One of my favorite activities is to walk around the campus and check in on some of the residents who may be in crisis. At times, these children are highly agitated and unable to really interact. Inevitably over time and with the fine care that they receive from staff, you see their behavior improve and demeanor change from being withdrawn to engaged. Just the other day I visited with one of our residents who was supposedly on “independent study,” but actually on a suspension from the public school she attends. She sat with a staff member, withdrawn and indeed defiantly refusing to do any school work.

Today as I did my rounds, I am happy to report that she was actually doing some school work and interacting well with staff. What a difference a few days can make; often the progress is slow but with each day, this young girl will improve and eventually return to school.

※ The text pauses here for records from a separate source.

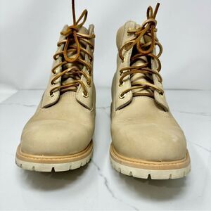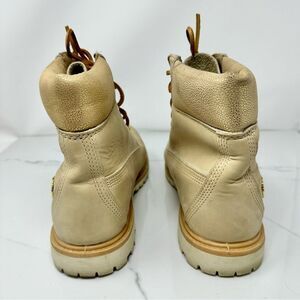 Classic Timberland 6” boots in a rare cream nubuck leather with gold ankle cuffs and gold trimmed leather square laces.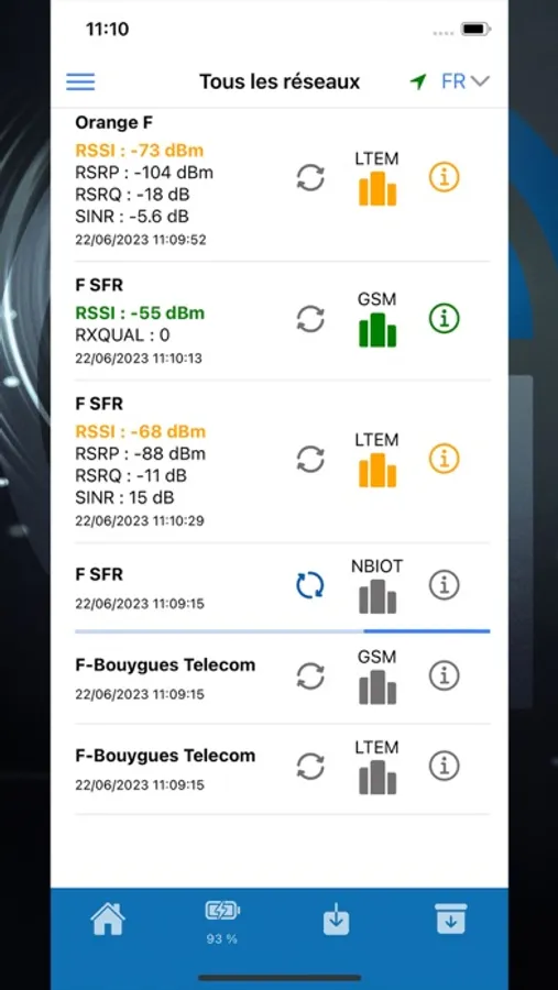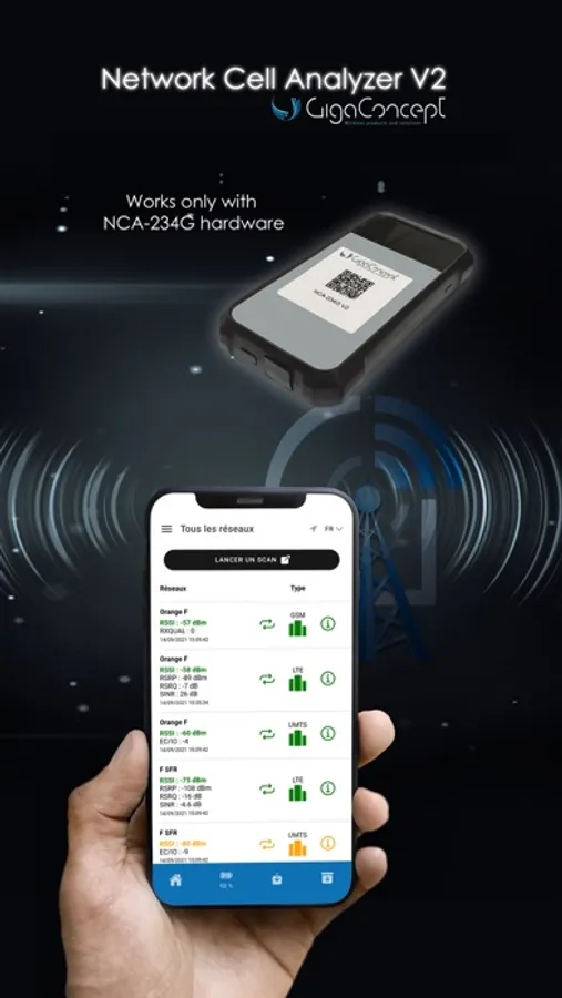 Application to use the new generation NCA-234G router, sold by GigaConcept, it allows you to scan the surrounding 2G/3G/4G/4G LTEM&NBIOT networks in order to locate the most efficient mobile network, all operators combined. Ensures the recovery of RSSI, RSRQ, RSRP, SINR, EC/IO, RXQUAL, BAND and CHANNEL data for comparison between the different operator antennas detected. Possibility to isolate an operator and a type of network (GSM, UMTS, LTE, LTEM and NBIOT) and to perform regular pings in order to obtain a complete analysis. The recovered data report can be exported in csv. NB: the application does not work without the dedicated router.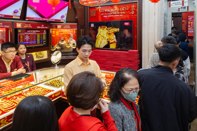 Tại Hà Nội, các cửa hàng vàng tấp nập đón khách từ sau kỳ nghỉ Tết Nguyên đán. Thậm chí có nơi đông khách đến giao dịch ngay trong dịp Tết. "Chúng tôi mở cửa từ mùng 3 đã có khách. Đến mùng 4 bắt đầu đông và trong mùng 5, 6 nhiều lúc bị quá tải", nhân viên một cửa hàng cho biết.
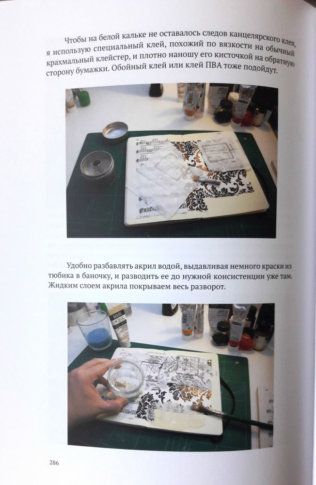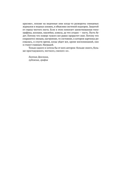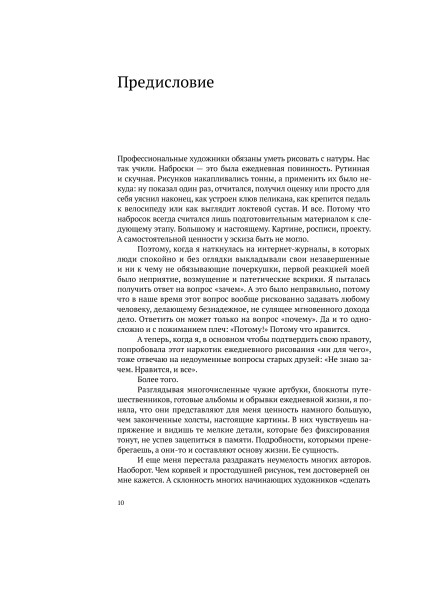В своей второй книге Натали продолжает придавать уверенности в себе робким рисовальщикам, а также развивает тему ведения арт-дневников и обосновывает пользу этого занятия. Кроме очередных полезных подбадриваний, которые подталкивают к рисованию, в книге даются практические советы как самостоятельно сшить-склеить блокнот по своему вкусу, как начать в нем работу, какие подручные материалы использовать и так далее. Лично для меня книги Ратковски послужили хорошим творческим «пинком», побуждением к действию, а это самая лучшая рекомендация. Все мои разрозненные зарисовки-почеркушки, лежавшие мертвым культурным слоем, вдруг начали обретать свой «дом». Получившийся артбук удобно использовать, если возникнет творческий застой и можно будет почерпнуть у себя же вдохновение. А потраченное на оформление страниц артбука время служит прекрасной зарядкой для вашей творческой составляющей. К тому же я поняла принцип переплета книг и применяю эти знания с большой пользой для себя. Книга дорогая, но качество полиграфии очень высокое. Страницы плотные, мелованные, а фото на них глянцевые. Фолиант очень увесистый, с собой не потаскаешь.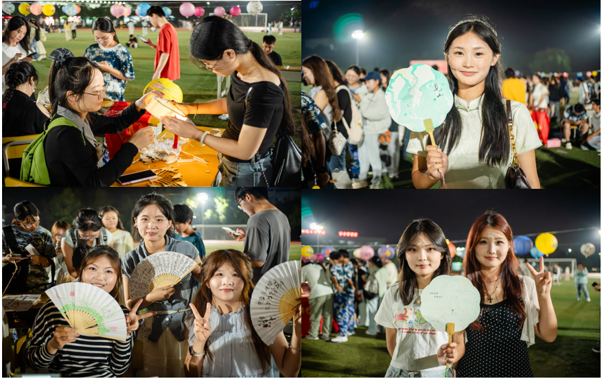 “‘平日不思,中秋想你,有方有圆,甜甜蜜蜜’打一食品!”花灯墙前,职业发展协会的工作人员们读着灯谜,不少学生驻足思考。另一旁的漆扇专区,学生们手持画笔,蘸取颜料勾勒玉兔、月亮、桂花的图案,不时互相交流技巧:“这朵云用淡蓝色,会更加柔和。”“我要在扇子上写下‘但愿人长久’”。欢声笑语间,一把把充满中秋韵味的漆扇渐渐成型。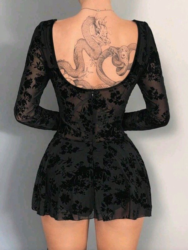Vestido corto súper elegante y sexy, con malla negra floral en flocado y short interno para mayor comodidad y seguridad.

The one thing that always encourages me, in spite of the many challenges we confront to provide services to vulnerable children and families, is their resiliency. Over and over again in more that twenty years working in child welfare, I see children respond to the services offered to them and rebound to be able to move beyond the trauma or crisis to be well functioning individuals.
Like the children and youth we serve, it is important for us to be an organization that is resilient.  Recently, I attended a workshop sponsored by the Child Welfare League of America entitled, “Building Resilient Organizations.” Organizational resiliency is defined by how successfully we adapt to change. In an environment where there are numerous factors impacting how we operate, it is important for us to be able to accommodate multiple stressors while not losing sight of our mission. We also must be resourceful in order to address challenges successfully, and from constraints, identify solutions and opportunities. This agility and innovation ultimately must be reflected on how we organize ourselves to be most effective, shedding, if necessary, structures and systems that no longer serve well.
In almost a hundred years, Hillsides has been very resilient, adapting and changing while never losing sight of its mission to be a “place” for children, youth and their families to be restored to well being. Like the children we serve, success is determined by how resilient, agile and how resourceful we are.